Directions
Give back the exact lines of the material below from the one containing "Die graue, flache" through the one containing "Kliknięcie w link", and no pictures.

Data shown
——

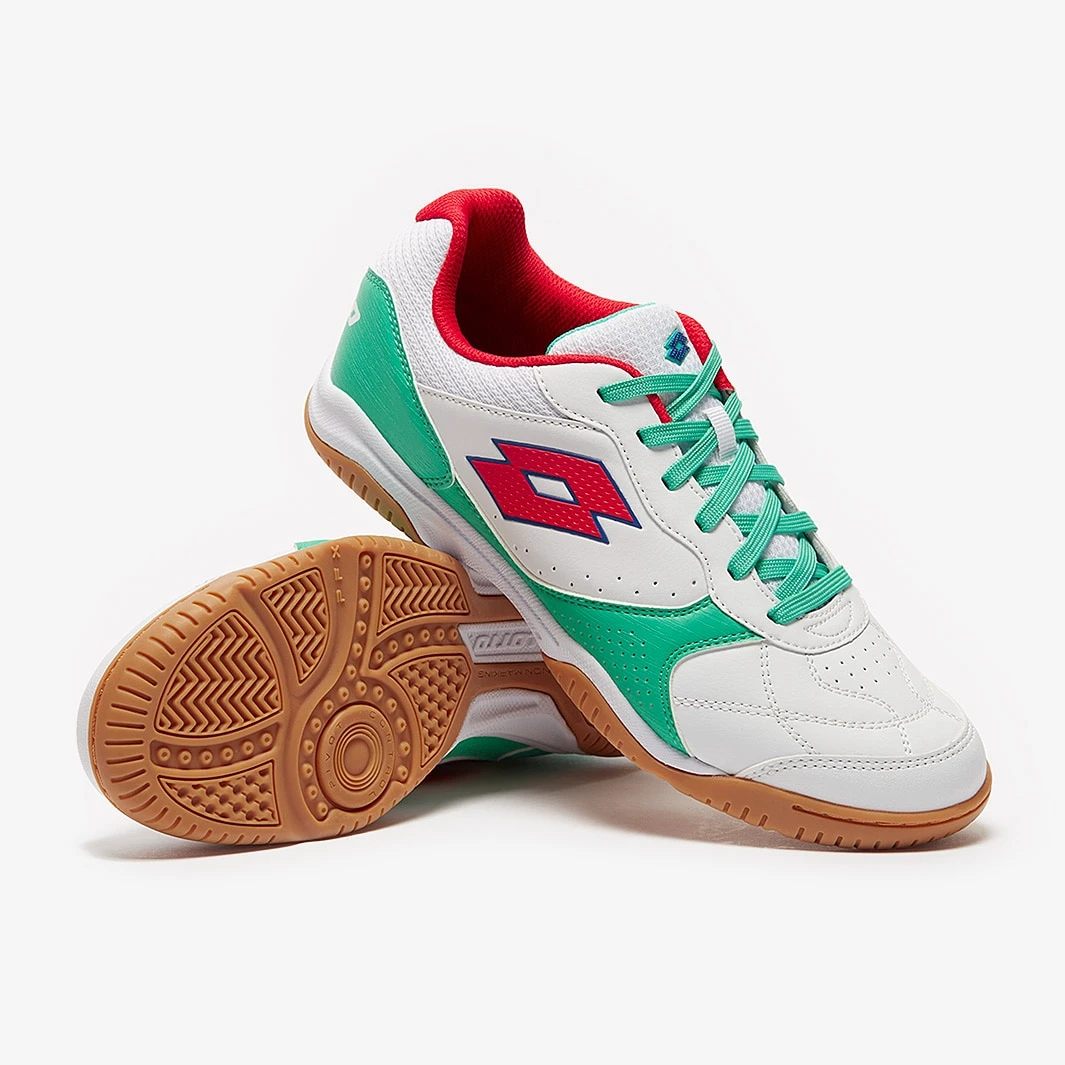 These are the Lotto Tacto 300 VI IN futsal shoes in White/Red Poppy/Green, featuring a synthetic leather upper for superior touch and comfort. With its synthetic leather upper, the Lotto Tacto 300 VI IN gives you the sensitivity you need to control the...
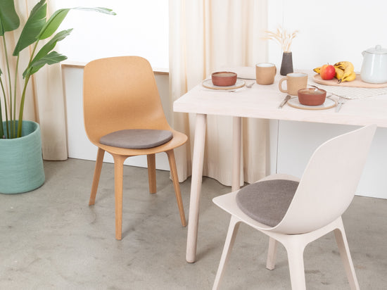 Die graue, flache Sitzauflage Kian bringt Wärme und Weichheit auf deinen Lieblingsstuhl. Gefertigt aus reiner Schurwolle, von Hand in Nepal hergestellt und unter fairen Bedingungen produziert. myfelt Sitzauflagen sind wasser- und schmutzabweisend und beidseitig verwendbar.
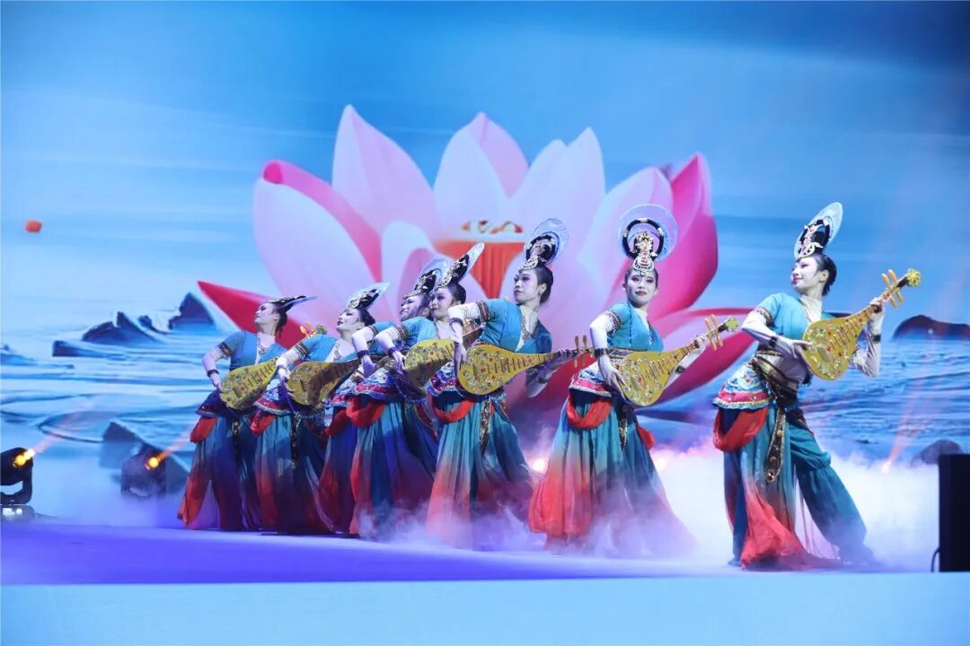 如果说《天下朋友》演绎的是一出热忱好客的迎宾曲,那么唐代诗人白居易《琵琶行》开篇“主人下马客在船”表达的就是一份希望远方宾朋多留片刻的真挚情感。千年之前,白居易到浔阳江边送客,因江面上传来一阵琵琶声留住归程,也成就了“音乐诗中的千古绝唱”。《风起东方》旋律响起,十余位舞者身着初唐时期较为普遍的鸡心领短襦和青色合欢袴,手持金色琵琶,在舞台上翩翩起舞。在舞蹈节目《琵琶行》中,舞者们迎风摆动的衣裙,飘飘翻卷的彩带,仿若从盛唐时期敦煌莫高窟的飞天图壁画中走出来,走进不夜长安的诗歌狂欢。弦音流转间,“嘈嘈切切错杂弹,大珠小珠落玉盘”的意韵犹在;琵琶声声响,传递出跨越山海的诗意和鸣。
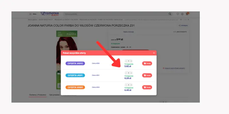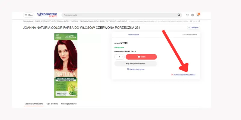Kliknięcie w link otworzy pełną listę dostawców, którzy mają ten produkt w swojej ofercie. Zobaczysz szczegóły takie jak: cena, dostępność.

——

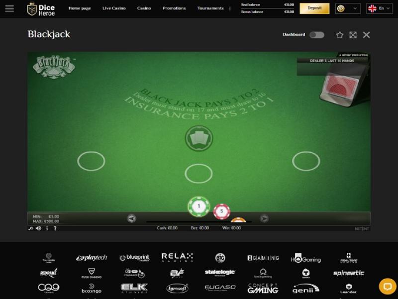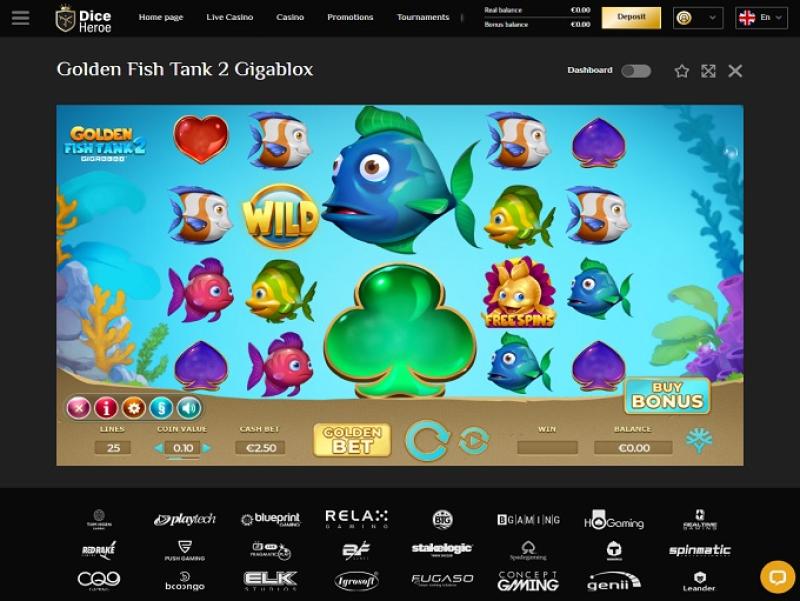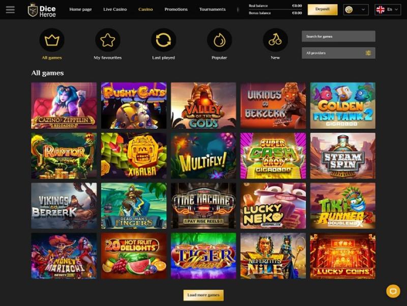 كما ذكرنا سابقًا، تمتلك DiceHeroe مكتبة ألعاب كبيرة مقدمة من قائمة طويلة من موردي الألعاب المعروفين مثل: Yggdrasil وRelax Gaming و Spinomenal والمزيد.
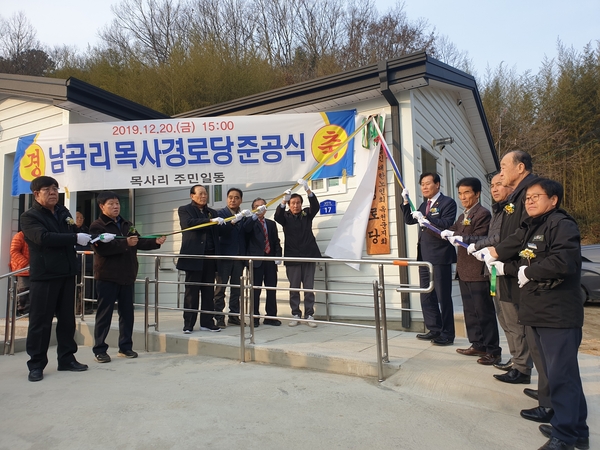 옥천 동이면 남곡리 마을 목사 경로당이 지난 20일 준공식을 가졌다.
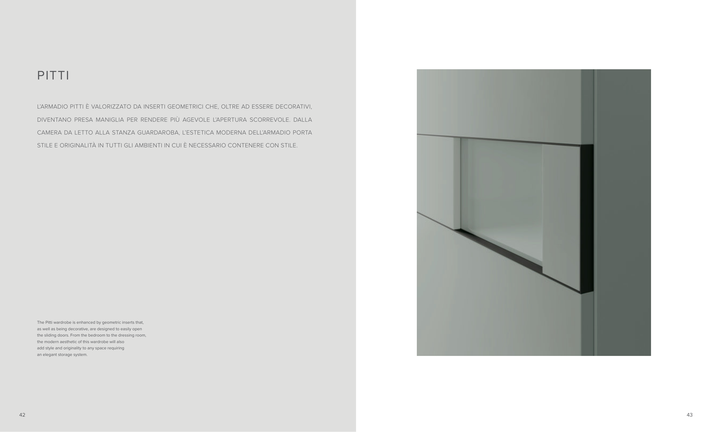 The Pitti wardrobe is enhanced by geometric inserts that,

——

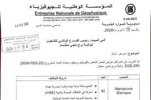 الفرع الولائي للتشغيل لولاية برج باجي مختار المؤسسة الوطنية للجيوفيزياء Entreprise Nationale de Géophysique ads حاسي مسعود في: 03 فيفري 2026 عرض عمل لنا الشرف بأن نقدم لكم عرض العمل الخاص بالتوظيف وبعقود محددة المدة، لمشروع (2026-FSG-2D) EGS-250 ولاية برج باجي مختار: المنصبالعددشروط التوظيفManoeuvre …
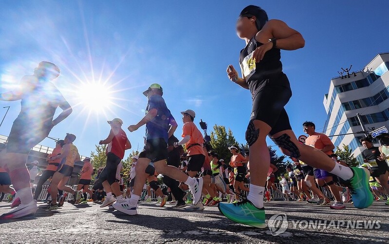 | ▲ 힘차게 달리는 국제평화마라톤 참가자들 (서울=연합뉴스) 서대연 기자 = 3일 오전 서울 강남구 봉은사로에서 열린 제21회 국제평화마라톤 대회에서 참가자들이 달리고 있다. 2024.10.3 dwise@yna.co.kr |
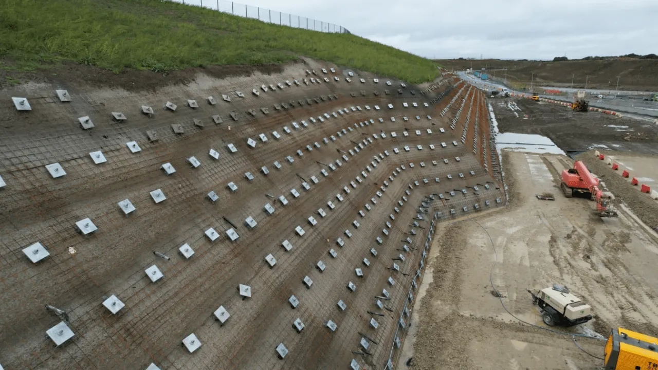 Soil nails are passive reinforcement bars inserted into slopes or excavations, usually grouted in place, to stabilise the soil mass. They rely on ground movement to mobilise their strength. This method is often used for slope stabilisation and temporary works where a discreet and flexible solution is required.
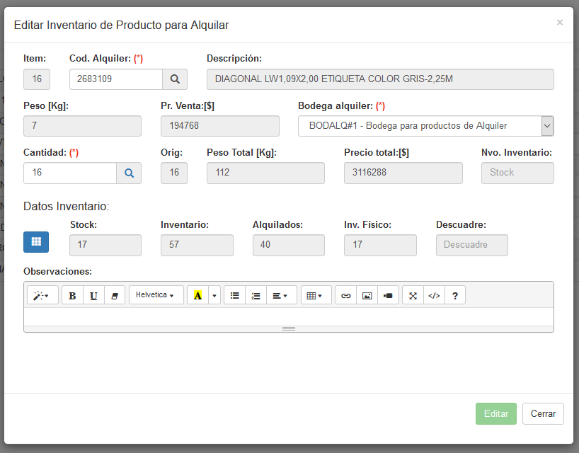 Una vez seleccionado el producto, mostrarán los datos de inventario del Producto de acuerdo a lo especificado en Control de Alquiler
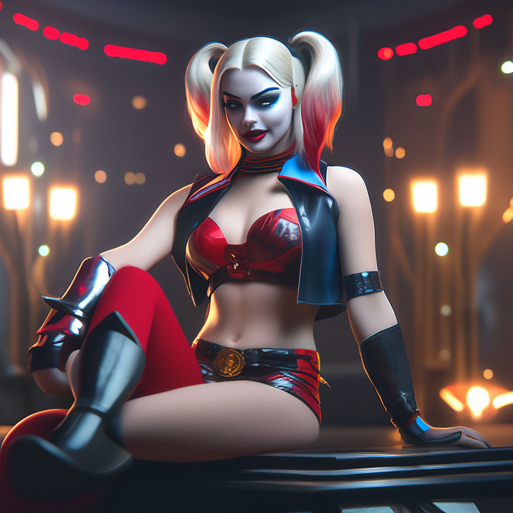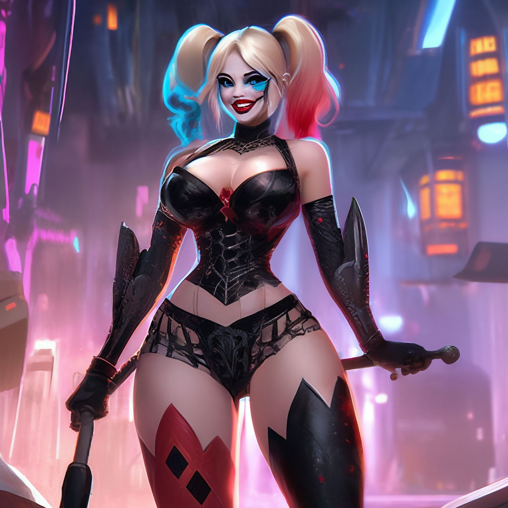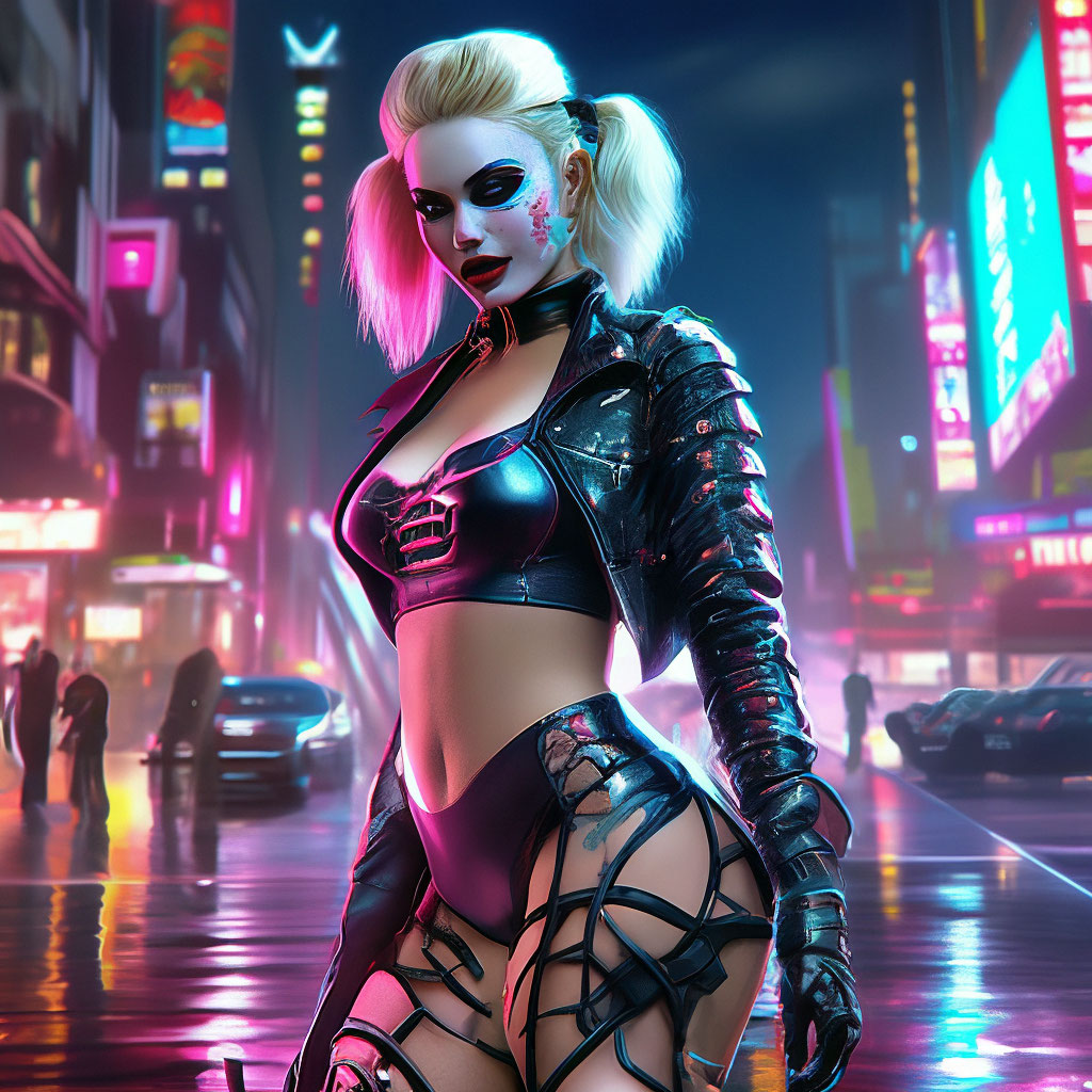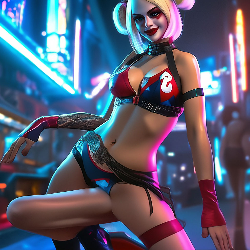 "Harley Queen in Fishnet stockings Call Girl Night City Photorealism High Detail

——

Output for this task
 Die graue, flache Sitzauflage Kian bringt Wärme und Weichheit auf deinen Lieblingsstuhl. Gefertigt aus reiner Schurwolle, von Hand in Nepal hergestellt und unter fairen Bedingungen produziert. myfelt Sitzauflagen sind wasser- und schmutzabweisend und beidseitig verwendbar.
 如果说《天下朋友》演绎的是一出热忱好客的迎宾曲,那么唐代诗人白居易《琵琶行》开篇“主人下马客在船”表达的就是一份希望远方宾朋多留片刻的真挚情感。千年之前,白居易到浔阳江边送客,因江面上传来一阵琵琶声留住归程,也成就了“音乐诗中的千古绝唱”。《风起东方》旋律响起,十余位舞者身着初唐时期较为普遍的鸡心领短襦和青色合欢袴,手持金色琵琶,在舞台上翩翩起舞。在舞蹈节目《琵琶行》中,舞者们迎风摆动的衣裙,飘飘翻卷的彩带,仿若从盛唐时期敦煌莫高窟的飞天图壁画中走出来,走进不夜长安的诗歌狂欢。弦音流转间,“嘈嘈切切错杂弹,大珠小珠落玉盘”的意韵犹在;琵琶声声响,传递出跨越山海的诗意和鸣。
Kliknięcie w link otworzy pełną listę dostawców, którzy mają ten produkt w swojej ofercie. Zobaczysz szczegóły takie jak: cena, dostępność.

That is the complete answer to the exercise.